◆ **Problem requirements**
Print the entries verbatim, leaving out the images they contain.

◆ **Provided data**
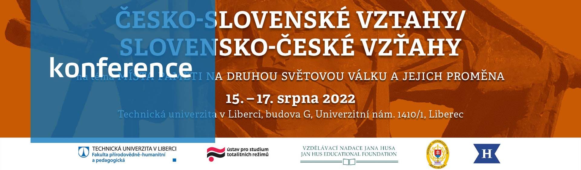 Katedra historie FP TU v Liberci spolu se svými spolupořadateli srdečně zve nejen učitele dějepisu, občanské výchovy, historiky a archiváře na XXXI. ročník semináře Česko-slovenské vztahy/Slovensko-české vzťahy, který se bude na naší fakultě konat ve dnech 15. – 17. 8. 2022. Letošní podtitul zní „Místa paměti na druhou světovou válku a jejich proměna" .
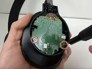 Используйте отвертку Tri-point Y0, чтобы удалить два винта 5 мм у основания оголовья, где оно соединяется с чашкой наушника.
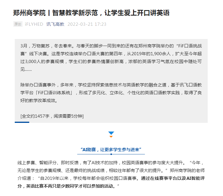 我校立足于“商科、应用型、国际化”的人才培养目标,坚持探索信息技术与英语教学的融合,基于讯飞口语教学平台,进行翻转课堂、混合式教学实践,助力打造大学英语口语金课,形成了多元化、立体化、个性化的英语口语教学实践,取得了良好的教学改革成效。3月21日,讯飞高教从“AI助赛,让更多学生参与进来”、“AI助教,让学生主动思考与表达”、“AI助研,推动大学英语教学方法改革”等,对我校大学英语智慧教学进行公众号推文报道。
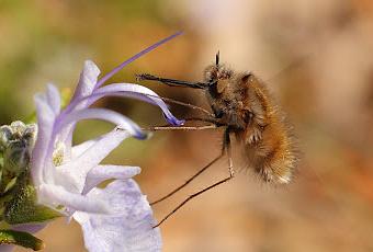 “Al poco las veo salir, 4 en total” – anoté en mi cuaderno de campo. Antes de salir, las abejas solitarias emergían a la luz del sol desde la oscuridad de su agujero excavado en el suelo, asomaban las antenas y, tras uno o dos minutos desperezándose, echaban a volar hacia los romeros de marzo. Permanecí sentado sobre el camino de tierra, esperando verlas volver cargadas de polen, pero pronto me distrajo un zumbido incesante. A un paso de mi, un insecto aparecía como congelado en el aire, cernido a más de un metro del suelo, tan abstraído que apenas se inmutó cuando me acerqué un poco más para observarlo. Era una mosca-abejorro, del género Bombylius; en estos días liban las flores del romero (ver imagen). Pero este Bombylius parecía absorto en alguna tarea importante, que pronto se puso de manifiesto. Porque cada vez que algún insecto cruzaba a menos de unos 3 m de su puesto, el Bombylius, como un centinela, salía tras el intruso, vertiginoso, casi imposible de seguir con la vista, lo perseguía haciendo tirabuzones y quiebros hasta echarlo de lo que él consideraba, sin duda, su territorio, la parcela en la que yo me había sentado. En un rato lo vi expulsar a varios otros Bombylius, y también a abejas solitarias e incluso a moscardones, ¡le daba igual de qué especie fuera el invasor! El mero estímulo de ver a un insecto volando cerca bastaba para disparar su belicoso comportamiento. Apenas pasaba un minuto sin que expulsase a alguien, ¡qué cantidad de energía estaba gastando! Cuando este guardián del camino regresaba de una de sus escaramuzas, se desvió un tanto en su trayecto y entonces fue él quien recibió un ataque… ¡de otro Bombylius! Entonces comprendí que, lo que para mí era tan solo un camino, para estos volátiles era un campo de batalla divisible en territorios que ellos estimaban merecedores de ser defendidos hasta la extenuación. ¿Pero qué era toda esta locura? ¿Qué les estaba pasando a los Bombylius?Una pista es que estas moscas-abejorro se desarrollan como parásitos letales (parasitoides) de abejas y avispas solitarias. Las hembras de Bombylius lanzan huevos a los agujeros-nido de esos insectos, y lo hacen volando casi a ras de tierra, cernidas, disparando los huevos desde el ápice del abdomen con un rápido movimiento hacia abajo de todo el cuerpo en el aire. Previamente las hembras han rebozado los huevos en el polvo del suelo, quizás para facilitar que rueden hacia el agujero. Varias veces he presenciado esta operación, y os aseguro que la madre Bombylius tiene pésima puntería. Pero cuanto más hábil sea volando, lo normal será que acierte más y que tenga por tanto más descendencia. Así, la habilidad en vuelo cernido resulta absolutamente clave para estos insectos. Por eso es lógico que las hembras se apareen preferentemente con machos que hayan demostrado ser los mejores voladores, y, ¿qué mejor prueba de ello que ser el dueño de un territorio? Para conservarlo, el macho seguramente ha debido de expulsar a innumerables intrusos, pelearse en un sinfín de combates aéreos y mantenerse cernido y vigilante hora tras hora. ¡Todo un campeón del aire! Estos ases del vuelo ofrecen para la hembra una buena garantía de futuros descendientes muy hábiles volando, y por tanto bien preparados para acertarle al agujero (si son hembras) o para ganarse un territorio con el que conquistar hembras (si son machos). Todo lo cual ayuda a entender por qué los machos son tan territoriales y pendencieros en el aire. Es curioso pensar que los propios Bombylius ni saben por qué hacen todo esto ni han elegido vivir así. Su conducta, su vida, está sujeta a la selección natural, igual que a la gravedad o a cualquier otra ley de la naturaleza que define los límites de lo que llamamos libertad.En la fotografía, un posible Bombylius analis, el antiguo B. undatus según las claves de Séguy (1926) de Faune de France. Hay varias otras especies de Bombylius en el paraje, y cambian a lo largo del año.
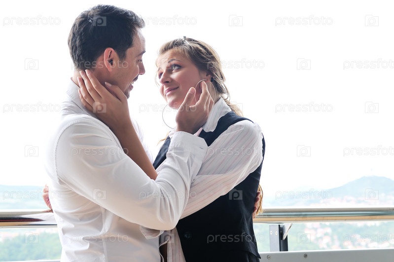 Счастливая пара у окна в новой квартире
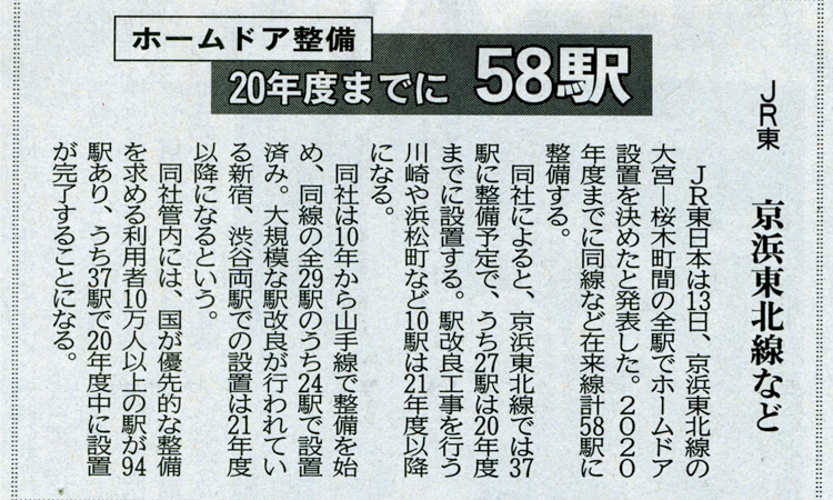 今朝の新聞で、京浜東北線の大宮駅から桜木町駅の全駅に、2020年までにホームドアが整備されるとの記事が掲載されています。
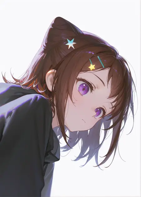 户山香澄 戸山 香澄 toyama kasumi, bang dream!,purple eyes, brown hair, cone hair bun, medium hair, short hair, star hair ornament,
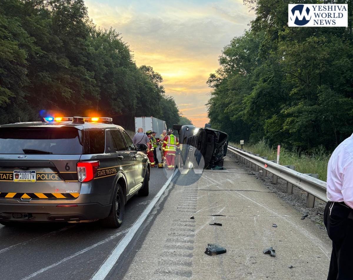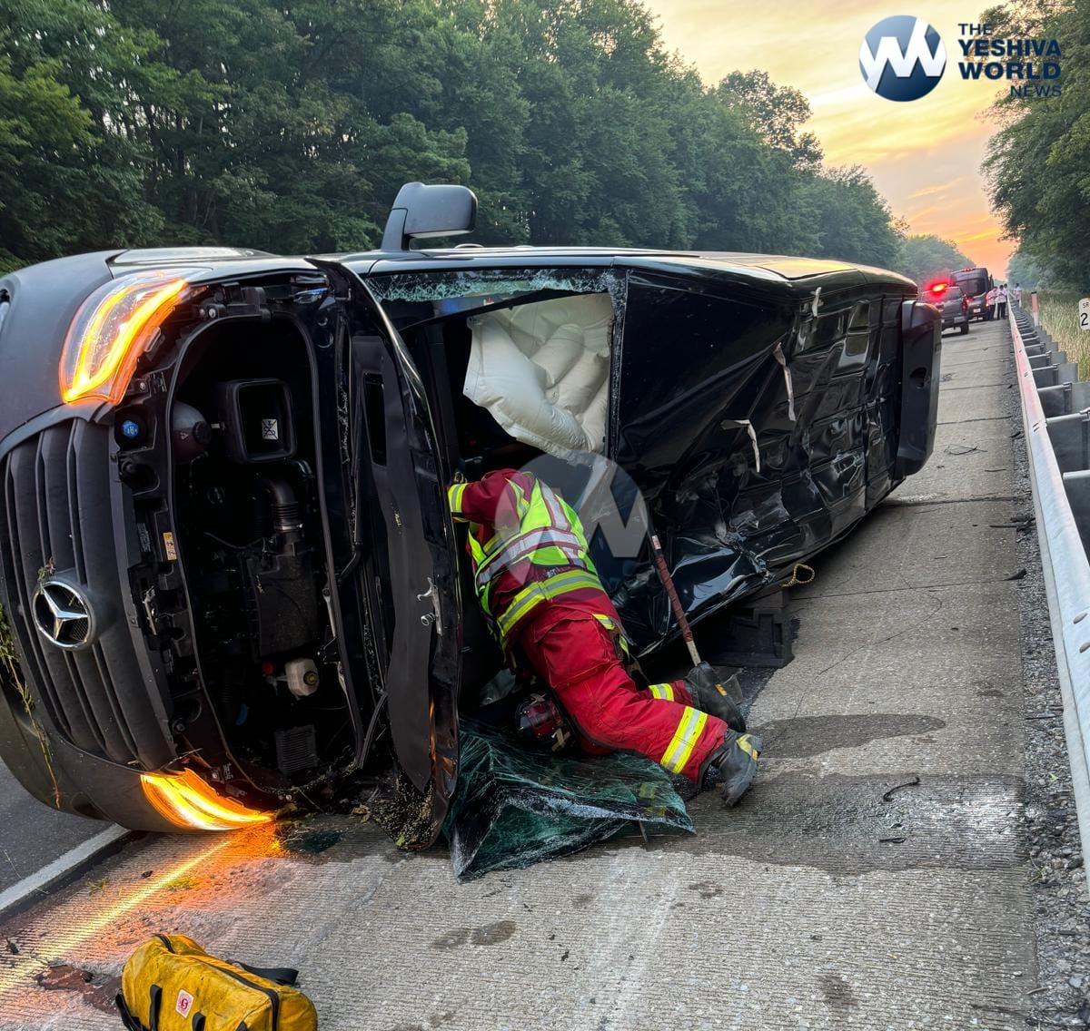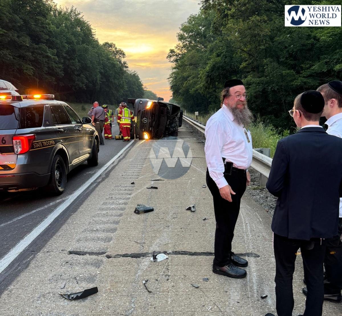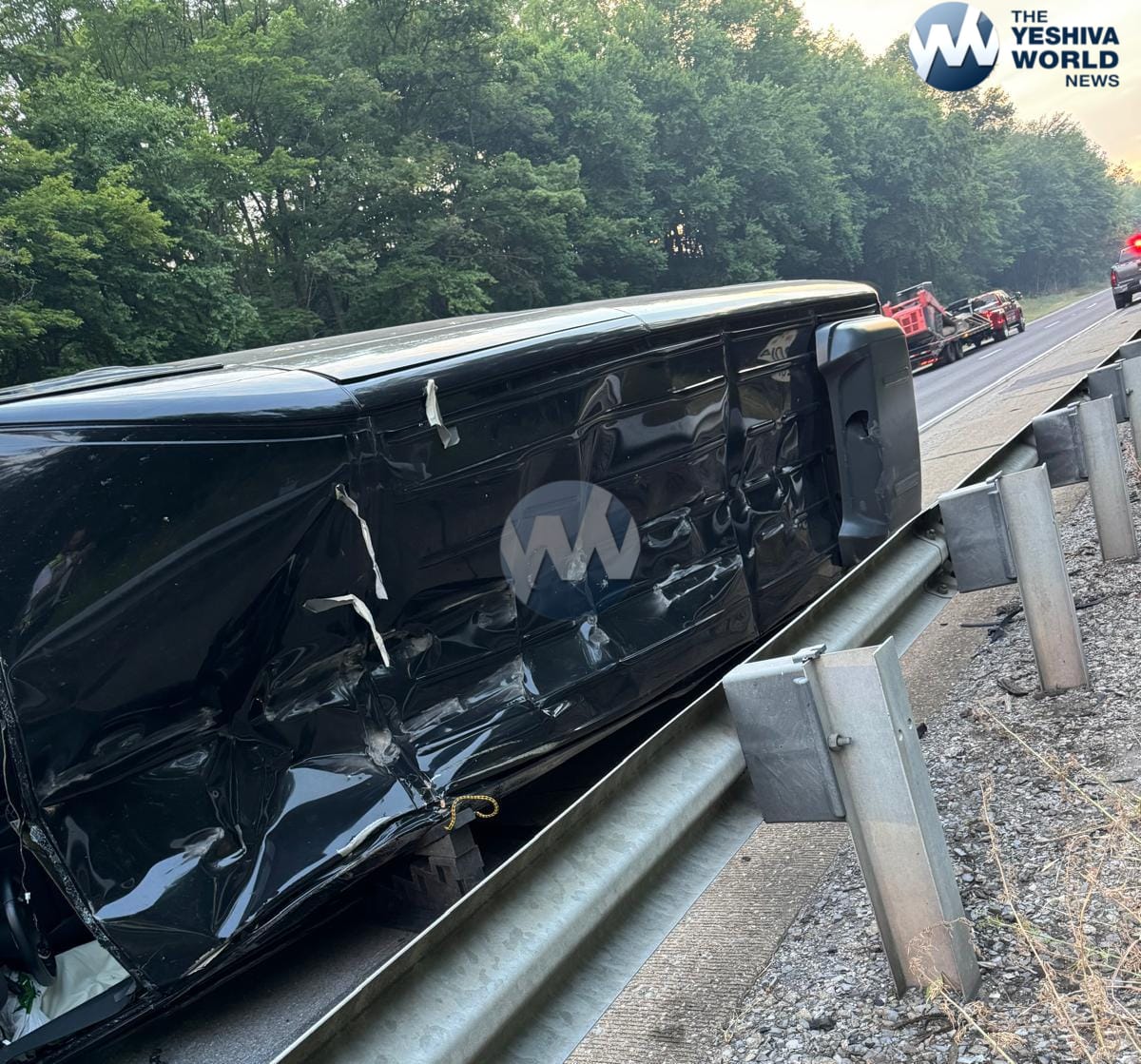 A group of nine bochurim from Telshe Yeshiva in Cleveland miraculously escaped serious injury after their van overturned in an accident on a Pennsylvania highway early Thursday morning. The van was traveling on I-80 in Pennsylvania, en route to Monsey, when it overturned at high speed around 4:30 am.
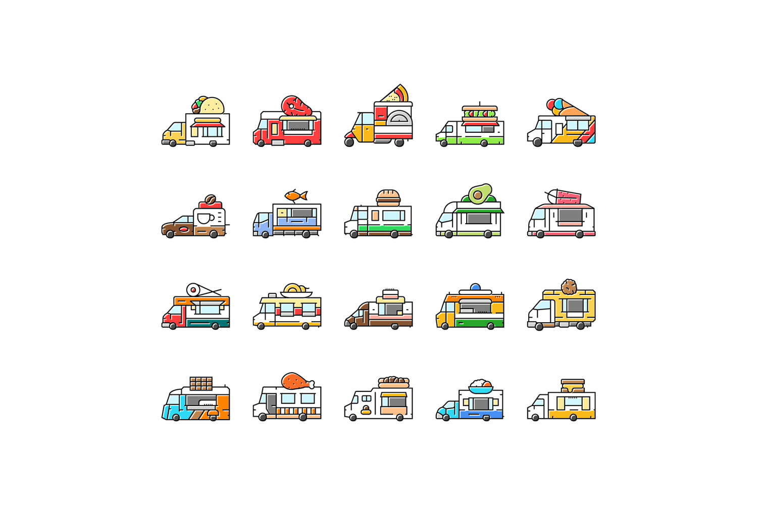 food truck street mobile cuisine icons set vector. gourmet vendor, festival tacos, burgers fusion, bbq pizza, vegan, fries, dessert food truck street mobile cuisine color line illustrations
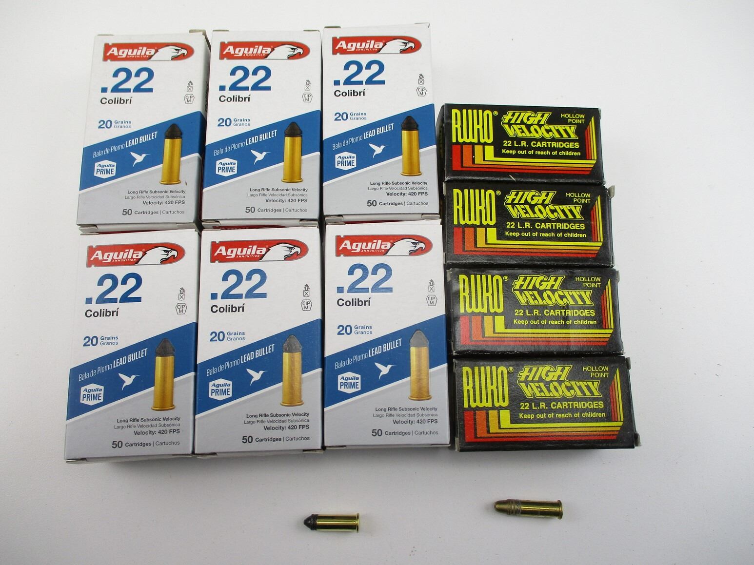 ASSORTED .22 LR AMMO , 492 RNDS. INCLUDES: (200) RUKO .22 LR, 37 GRNS (STATED ON BOX NOT CONFIRMED), HOLLOW POINT, & (292) AGUILA .22 COLIBRI LR, 20 GRNS (STATED ON BOX, NOT CONFIRMED), 420 FPS. , THERE ARE NEW SHIPPING RESTRICTIONS, PLEASE MAKE SURE YOU HAVE READ AND CONFIRMED WE CAN SHIP TO YOU BEFORE BIDDING ON THIS LOT. PLEASE SEE LOT 0 IN THIS SESSION. NO REFUNDS WILL BE ISSUED, OR BIDS RETRACTED.

◆ **Task answer**
 Katedra historie FP TU v Liberci spolu se svými spolupořadateli srdečně zve nejen učitele dějepisu, občanské výchovy, historiky a archiváře na XXXI. ročník semináře Česko-slovenské vztahy/Slovensko-české vzťahy, který se bude na naší fakultě konat ve dnech 15. – 17. 8. 2022. Letošní podtitul zní „Místa paměti na druhou světovou válku a jejich proměna" .
 Используйте отвертку Tri-point Y0, чтобы удалить два винта 5 мм у основания оголовья, где оно соединяется с чашкой наушника.
 我校立足于“商科、应用型、国际化”的人才培养目标,坚持探索信息技术与英语教学的融合,基于讯飞口语教学平台,进行翻转课堂、混合式教学实践,助力打造大学英语口语金课,形成了多元化、立体化、个性化的英语口语教学实践,取得了良好的教学改革成效。3月21日,讯飞高教从“AI助赛,让更多学生参与进来”、“AI助教,让学生主动思考与表达”、“AI助研,推动大学英语教学方法改革”等,对我校大学英语智慧教学进行公众号推文报道。
 “Al poco las veo salir, 4 en total” – anoté en mi cuaderno de campo. Antes de salir, las abejas solitarias emergían a la luz del sol desde la oscuridad de su agujero excavado en el suelo, asomaban las antenas y, tras uno o dos minutos desperezándose, echaban a volar hacia los romeros de marzo. Permanecí sentado sobre el camino de tierra, esperando verlas volver cargadas de polen, pero pronto me distrajo un zumbido incesante. A un paso de mi, un insecto aparecía como congelado en el aire, cernido a más de un metro del suelo, tan abstraído que apenas se inmutó cuando me acerqué un poco más para observarlo. Era una mosca-abejorro, del género Bombylius; en estos días liban las flores del romero (ver imagen). Pero este Bombylius parecía absorto en alguna tarea importante, que pronto se puso de manifiesto. Porque cada vez que algún insecto cruzaba a menos de unos 3 m de su puesto, el Bombylius, como un centinela, salía tras el intruso, vertiginoso, casi imposible de seguir con la vista, lo perseguía haciendo tirabuzones y quiebros hasta echarlo de lo que él consideraba, sin duda, su territorio, la parcela en la que yo me había sentado. En un rato lo vi expulsar a varios otros Bombylius, y también a abejas solitarias e incluso a moscardones, ¡le daba igual de qué especie fuera el invasor! El mero estímulo de ver a un insecto volando cerca bastaba para disparar su belicoso comportamiento. Apenas pasaba un minuto sin que expulsase a alguien, ¡qué cantidad de energía estaba gastando! Cuando este guardián del camino regresaba de una de sus escaramuzas, se desvió un tanto en su trayecto y entonces fue él quien recibió un ataque… ¡de otro Bombylius! Entonces comprendí que, lo que para mí era tan solo un camino, para estos volátiles era un campo de batalla divisible en territorios que ellos estimaban merecedores de ser defendidos hasta la extenuación. ¿Pero qué era toda esta locura? ¿Qué les estaba pasando a los Bombylius?Una pista es que estas moscas-abejorro se desarrollan como parásitos letales (parasitoides) de abejas y avispas solitarias. Las hembras de Bombylius lanzan huevos a los agujeros-nido de esos insectos, y lo hacen volando casi a ras de tierra, cernidas, disparando los huevos desde el ápice del abdomen con un rápido movimiento hacia abajo de todo el cuerpo en el aire. Previamente las hembras han rebozado los huevos en el polvo del suelo, quizás para facilitar que rueden hacia el agujero. Varias veces he presenciado esta operación, y os aseguro que la madre Bombylius tiene pésima puntería. Pero cuanto más hábil sea volando, lo normal será que acierte más y que tenga por tanto más descendencia. Así, la habilidad en vuelo cernido resulta absolutamente clave para estos insectos. Por eso es lógico que las hembras se apareen preferentemente con machos que hayan demostrado ser los mejores voladores, y, ¿qué mejor prueba de ello que ser el dueño de un territorio? Para conservarlo, el macho seguramente ha debido de expulsar a innumerables intrusos, pelearse en un sinfín de combates aéreos y mantenerse cernido y vigilante hora tras hora. ¡Todo un campeón del aire! Estos ases del vuelo ofrecen para la hembra una buena garantía de futuros descendientes muy hábiles volando, y por tanto bien preparados para acertarle al agujero (si son hembras) o para ganarse un territorio con el que conquistar hembras (si son machos). Todo lo cual ayuda a entender por qué los machos son tan territoriales y pendencieros en el aire. Es curioso pensar que los propios Bombylius ni saben por qué hacen todo esto ni han elegido vivir así. Su conducta, su vida, está sujeta a la selección natural, igual que a la gravedad o a cualquier otra ley de la naturaleza que define los límites de lo que llamamos libertad.En la fotografía, un posible Bombylius analis, el antiguo B. undatus según las claves de Séguy (1926) de Faune de France. Hay varias otras especies de Bombylius en el paraje, y cambian a lo largo del año.
 Счастливая пара у окна в новой квартире
 今朝の新聞で、京浜東北線の大宮駅から桜木町駅の全駅に、2020年までにホームドアが整備されるとの記事が掲載されています。
 户山香澄 戸山 香澄 toyama kasumi, bang dream!,purple eyes, brown hair, cone hair bun, medium hair, short hair, star hair ornament,
 A group of nine bochurim from Telshe Yeshiva in Cleveland miraculously escaped serious injury after their van overturned in an accident on a Pennsylvania highway early Thursday morning. The van was traveling on I-80 in Pennsylvania, en route to Monsey, when it overturned at high speed around 4:30 am.
 food truck street mobile cuisine icons set vector. gourmet vendor, festival tacos, burgers fusion, bbq pizza, vegan, fries, dessert food truck street mobile cuisine color line illustrations
 ASSORTED .22 LR AMMO , 492 RNDS. INCLUDES: (200) RUKO .22 LR, 37 GRNS (STATED ON BOX NOT CONFIRMED), HOLLOW POINT, & (292) AGUILA .22 COLIBRI LR, 20 GRNS (STATED ON BOX, NOT CONFIRMED), 420 FPS. , THERE ARE NEW SHIPPING RESTRICTIONS, PLEASE MAKE SURE YOU HAVE READ AND CONFIRMED WE CAN SHIP TO YOU BEFORE BIDDING ON THIS LOT. PLEASE SEE LOT 0 IN THIS SESSION. NO REFUNDS WILL BE ISSUED, OR BIDS RETRACTED.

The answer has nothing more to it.